After Microsoft’s Copilot artificial intelligence gained the ability to generate audio clips from text prompts, Google introduced VideoPoet, a large language model (LLM) that pushes the boundaries of video creation by creating 10-second clips with fewer artifacts. The model supports a range of video creation tasks, including text-to-video, image-to-video, video styling, coloring, and video-to-analogue.
It generates 10-second video clips from text prompts and can also animate still images
Unlike its predecessors, the VideoPoet stands out because it can create complete videos with a lot of movement. The model demonstrates its skills by creating ten-second videos, leaving its competitors, including Gen-2, behind. Notably, VideoPoet does not rely on specific data to create videos, which sets it apart from other models that require detailed input to achieve optimal results.
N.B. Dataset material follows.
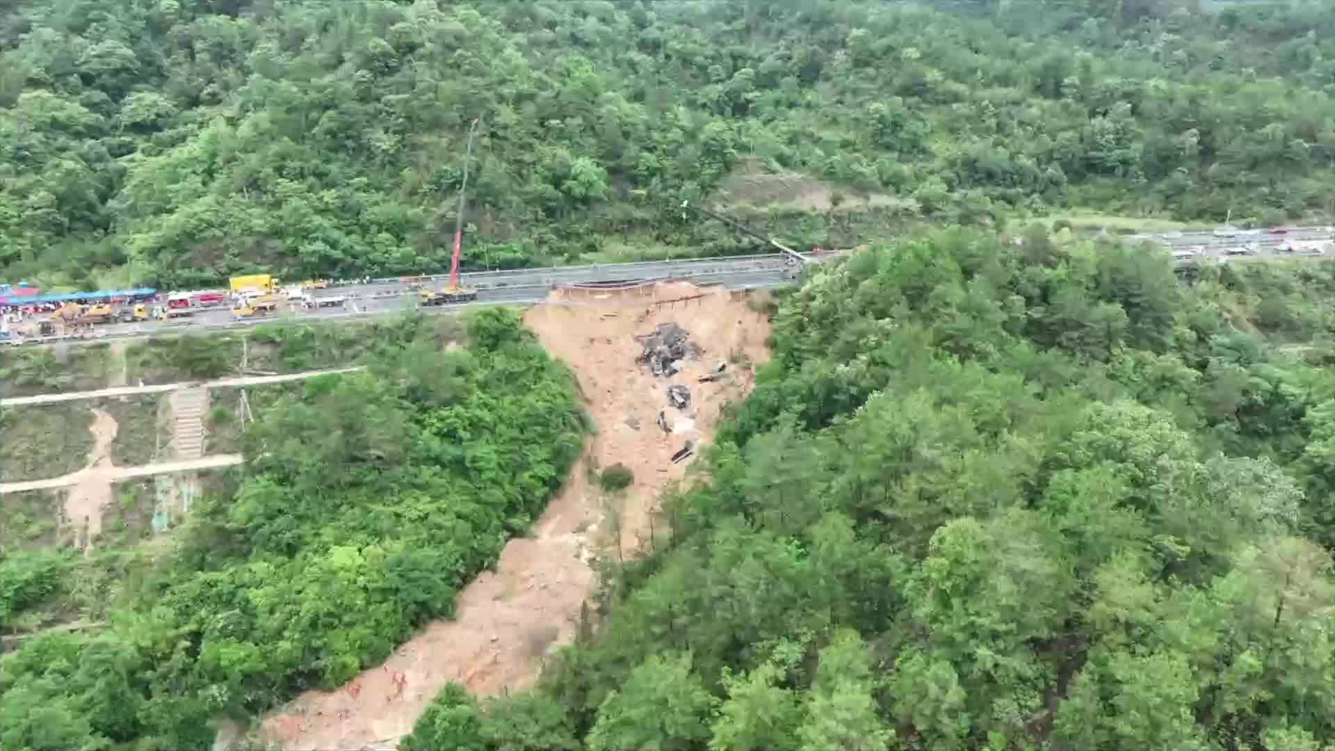 梅大高速路面塌方灾害相关处置工作正在进行中

This multifaceted capability is made possible by the use of a multimodal grand model, putting it on a trajectory that could potentially become mainstream in video creation.
VideoPOET by Google breaks from the dominant trend in video creation models that predominantly rely on diffusion-based approaches. Instead, VideoPoet leverages the power of large-scale language models (LLMs). The model easily integrates different video generation tasks within a single LLM, eliminating the need for separately trained components for each function.
The resulting videos can be of different lengths, with a variety of actions and styles based on the input text content. In addition, VideoPoet can convert input images into animations based on the provided hints, demonstrating its adaptability to different inputs.
The release of VideoPOET adds a new dimension to AI video creation, hinting at the possibilities that lie ahead in 2024.